Source: “The Old North Church,” on April 18, 1923. As found in The Price of Freedom.

Reverence

“Reverence…is the beginning of a proper conception of ourselves, of our relationship to each other, and our relationship to our Creator. Human nature cannot develop very far without it. The mind does not unfold, the creative faculty does not mature, the spirit does not unfold, the creative faculty does not mature, the spirit does not expand, save under the influence of reverence. It is the chief motive of obedience. It is only by a correct attitude of mind begun early in youth and carried through maturity that these desired results are like to be secured. It is along the path of reverence and obedience that the race has reached the goal of freedom, of self-government, of a higher morality, and a more abundant spiritual life.”

Source: “Authority And Religious Liberty,” on September 21, 1924. As found in Foundations of the Republic.

Revolution

“If a revolution meant a cleaning up of a bad situation and the substitution of a stable, permanent and free government it would have some merit. But when it means only a loss of life and property in order to substitute a new regime that is no better than the old, it accomplishes no constructive purpose. That is the reason our people regard revolutions with so much suspicion. They do not consider them as productive of genuine reform.”

Source: Calvin Coolidge Says, August 25, 1930.

Rights

“The individual has rights, but only the citizen has the power to protect rights. And the protection of rights is righteous.”

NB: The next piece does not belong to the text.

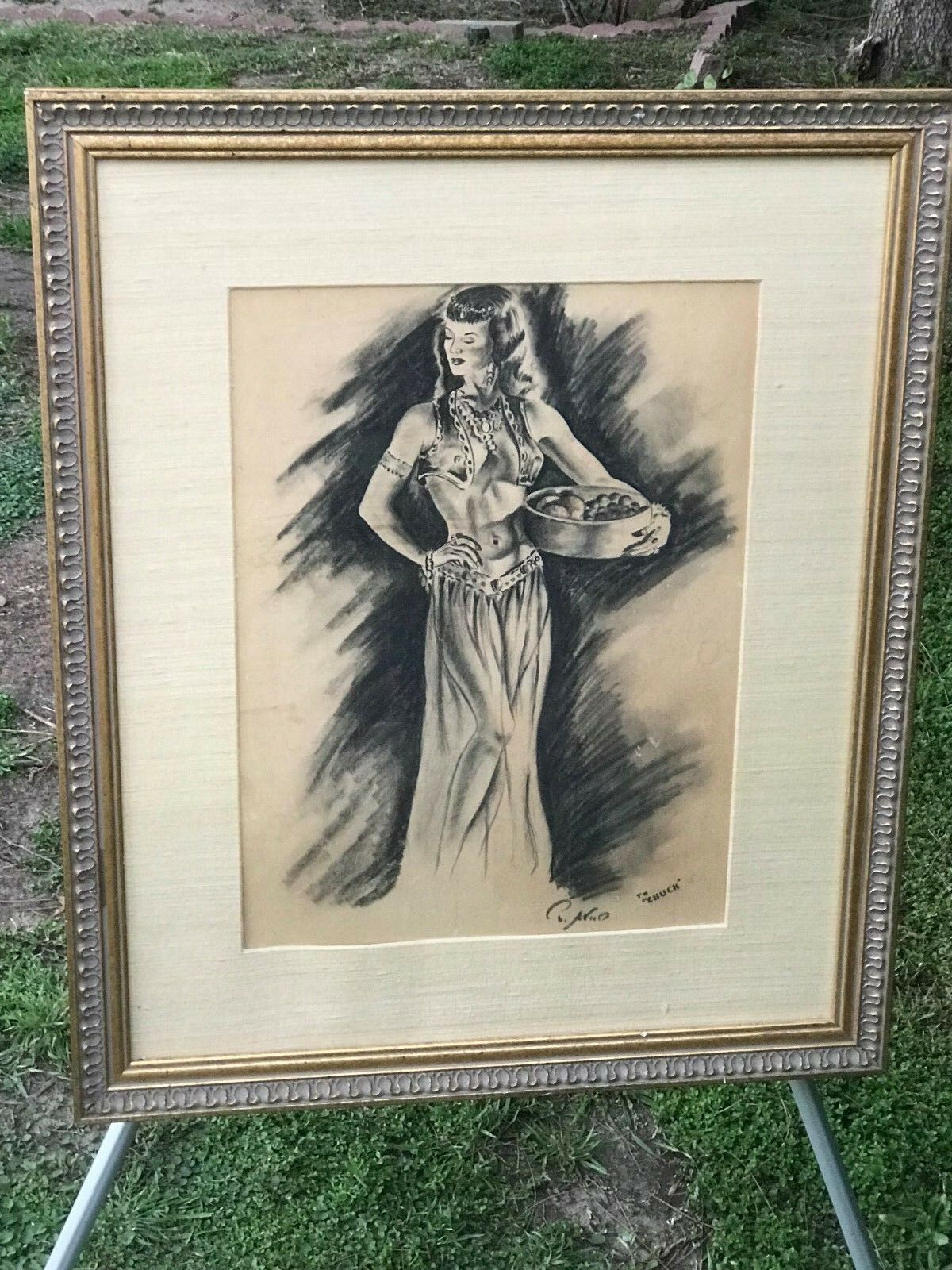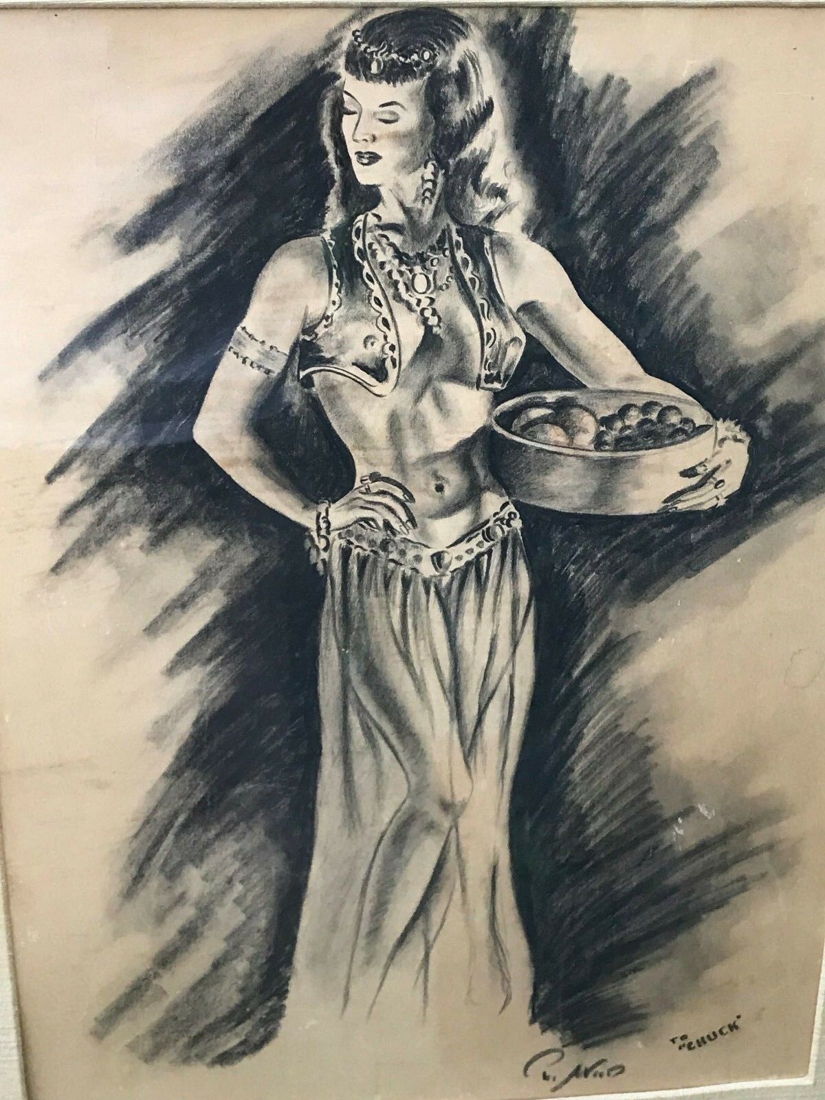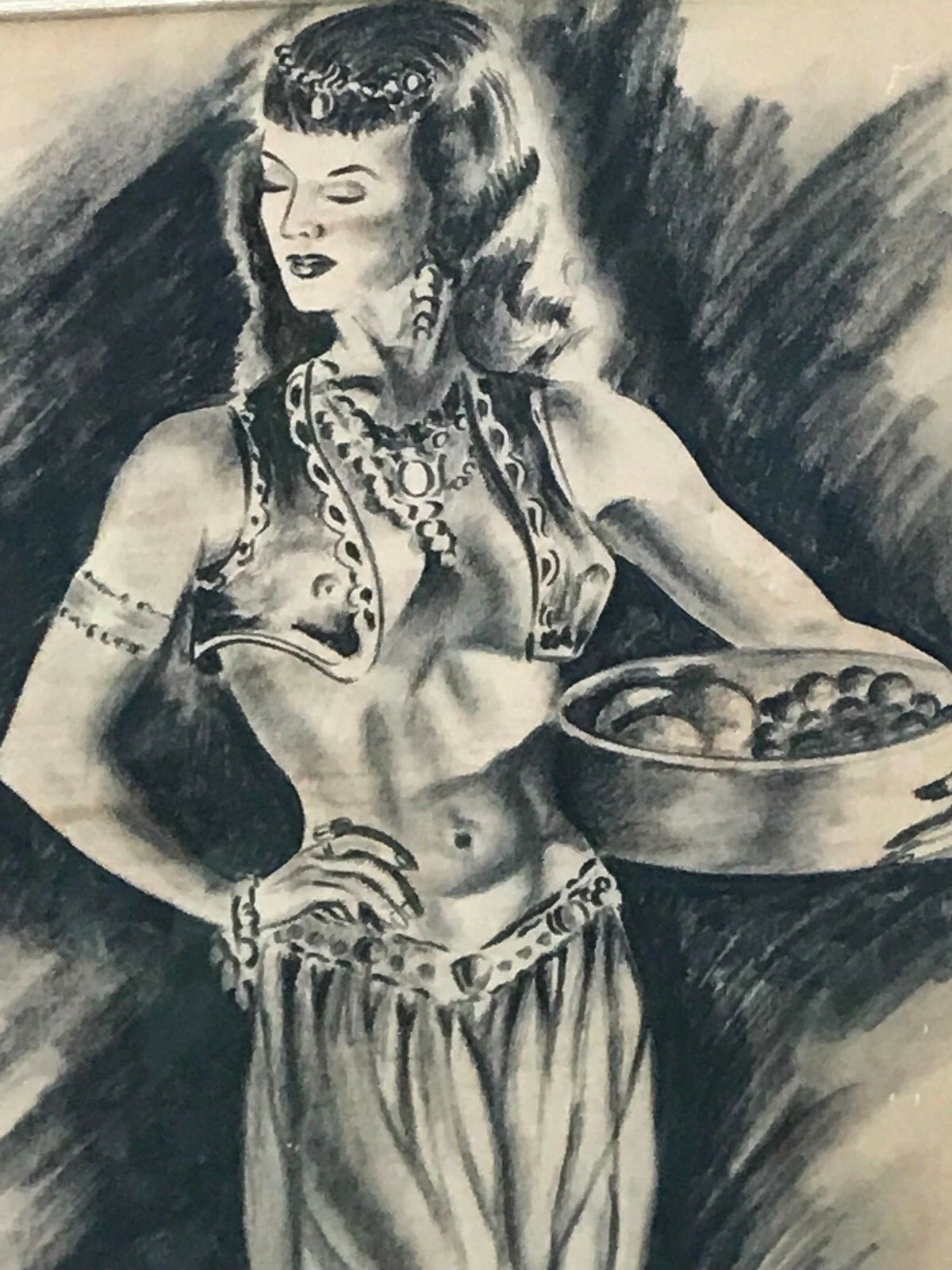 PAUL WOOD Original 1950s MODERN VINTAGE *Harem Girl* SIGNED CHARCOAL DRAWING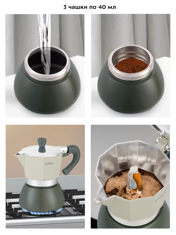 Каждая гейзерная кофеварка рассчитана на приготовление определённого количества чашек кофе. Объем резервуара и фильтра подобраны так, что воронку с фильтром наполняют молотым кофе полностью, а в резервуар для воды наливают столько воды, чтобы уровень воды был чуть ниже парового клапана. Таким образом вы получаете вкусный кофе и нет необходимости отмерять точное количество воды или молотого кофе в граммах. В воронку с фильтром кофеварки Китфорт KT-7150 помещается около 19 грамм кофе, а емкость резервуара для воды — 190 мл. Она рассчитана на приготовление 3 чашек кофе по 40 мл. Преимущество гейзерной кофеварки в простоте приготовления кофе. В сравнении с туркой, при приготовлении кофе в гейзерной кофеварке нет необходимости следить за поднятием пенки, а получаемый кофе не содержит гущи.

Source: “Andrew Carnegie: Organizer For Service,” on April 28, 1921. As found in The Price of Freedom.

“If ever the citizen comes to feel that our government does not protect him in the free and equal assertion of his rights at home and abroad, he will withdraw his allegiance from that government, as he ought to, and bestow it on some more worthy object.”

Source: “Andrew Carnegie: Organizer For Service,” on April 28, 1921. As found in The Price of Freedom.

“There is no such thing as liberty without restraint. My rights are always represented by the duties of others. My freedom is always represented by the obedience of others. Their rights and their freedom are represented by my duties and my obedience. […] Any attempt to maintain rights, to secure freedom and liberty for ourselves without the observance of duties and the rendering of obedience toward others, is a contradiction of terms. It defeats itself.”

Source: “The Needs Of Education,” on December 21, 1922. As found in The Price of Freedom.

Russia

“It comes down to this: Russia has a right to her Soviets or whatever she wants, so long as she doesn’t disturb us. But to send a million dollars and a hundred agitators to China or to the United States is as much a making of war as would be the sending of an army.”